Larger batches reduce round trips. Smaller batches and shorter flush intervals reduce latency.

A practical ordering note: flushWorkers controls how many Redis pipeline batches can be executed at the same time. With flushWorkers > 1, more than one batch can be in flight, so a later batch can finish before an earlier batch. If you need best-effort batch ordering for keys touched by consecutive changes, use flushWorkers: 1. That makes normal batch execution single-worker and FIFO, but it is not a total ordering guarantee.

Note: Right now, ordering is not guaranteed when an entry is retried. The retry tracker schedules failed entries for later and re-enqueues them as smaller write requests, usually one failed row entry at a time. Later WAL entries may already have been flushed to Redis before the retry is applied. For that reason, mappings that depend on exactly once, exactly ordered side effects need extra care. Prefer idempotent writes such as HSET, SADD, ZADD, and DEL for derived state.
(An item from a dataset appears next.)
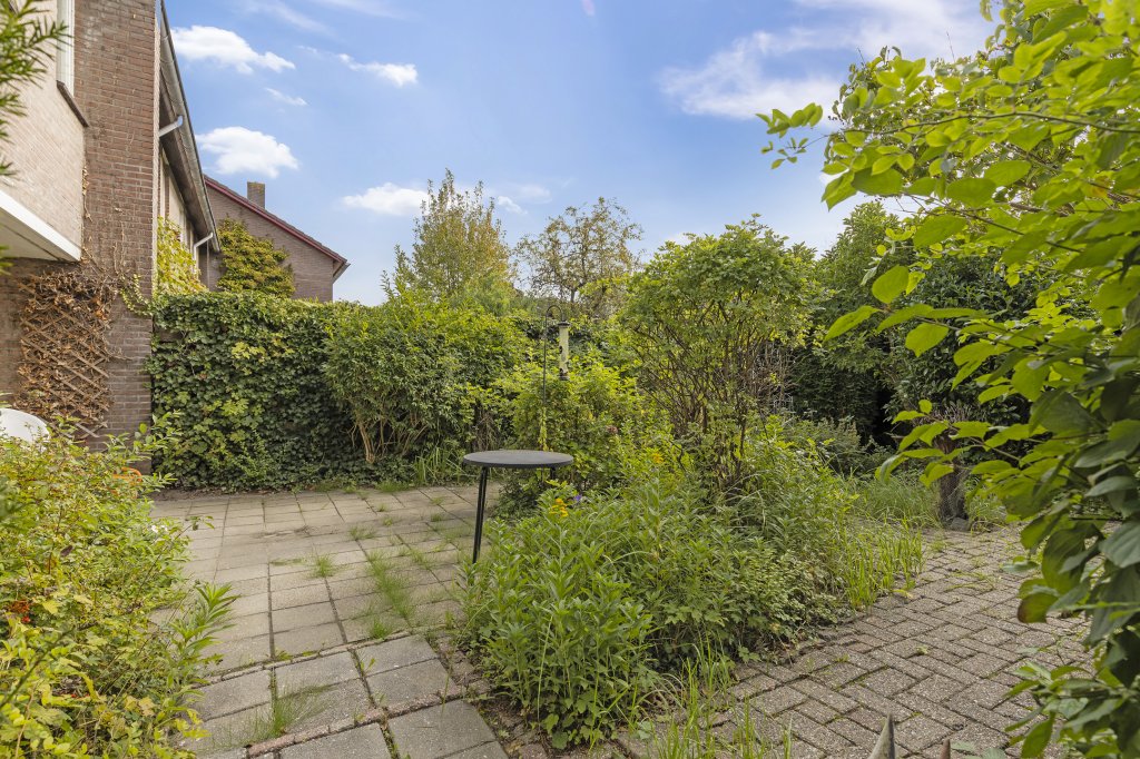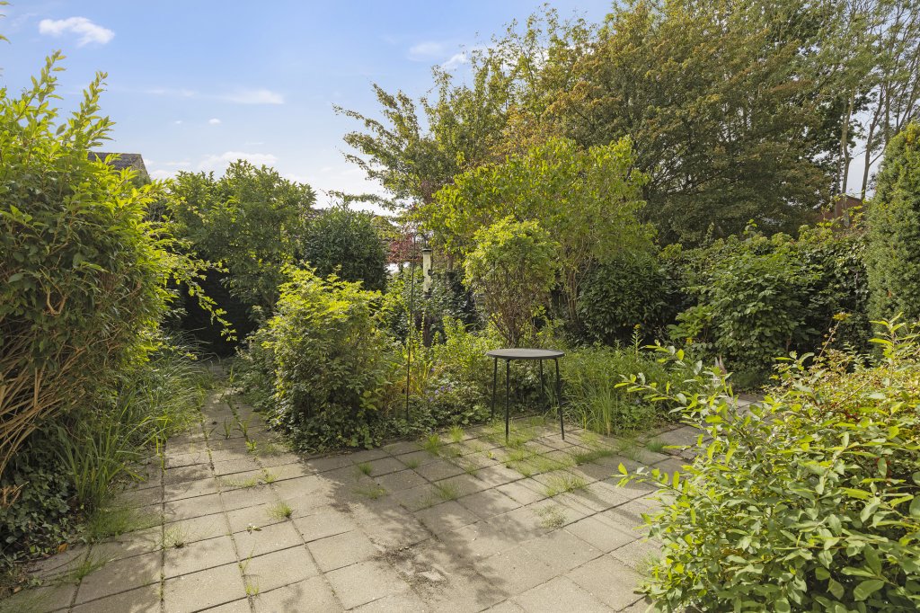 Buiten: Ruime tuin op het zuiden met schuur en carport van hout.

Be careful with INCRBY, ZINCRBY, XADD, and PUBLISH if delayed or duplicate application would be a problem.

Postgres transaction boundaries are preserved for tracking, not for Redis atomicity. The logical replication listener collects row changes by XID and sends one write request after the Postgres commit. That request carries one LSN, XID, and commit time, and the application does not release that commit point until all row entries are acknowledged or skipped. The Redis writer, however, enqueues those row entries individually and batches them by flushBufferSize or flushInterval. A single Postgres transaction can share a Redis batch with other transactions, or if it is large enough it can be split across more than one Redis batch. For one row change, multiple configured Redis commands are wrapped in MULTI/EXEC; the entire Postgres transaction is not wrapped in one Redis MULTI/EXEC.
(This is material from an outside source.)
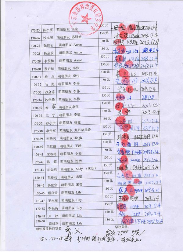 第170批红桥中学(2013年9月-2014年2月)受助生签收单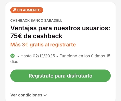 Re: Promoción Cuenta Online Sabadell. 300 €, 2,5% TAE y 3% en recibos. ¡FIN DE PROMOCIÓN! Hasta el 31/01/25

Stronger ordering guarantees and better preservation of Postgres transaction boundaries are work in progress and will be addressed in future versions.

Retry behavior is configurable as well:

retryPolicy:
  maxRetries: 10
  maxConnectionRetries: 0
  initialBackoff: 1500ms
  multiplier: 2
  jitter: 0.1
  maxBackoff: 15s

The tool stores processing state so it can continue from a known WAL position. The delivery model is at-least-once, so Redis mappings should be designed to be idempotent where possible.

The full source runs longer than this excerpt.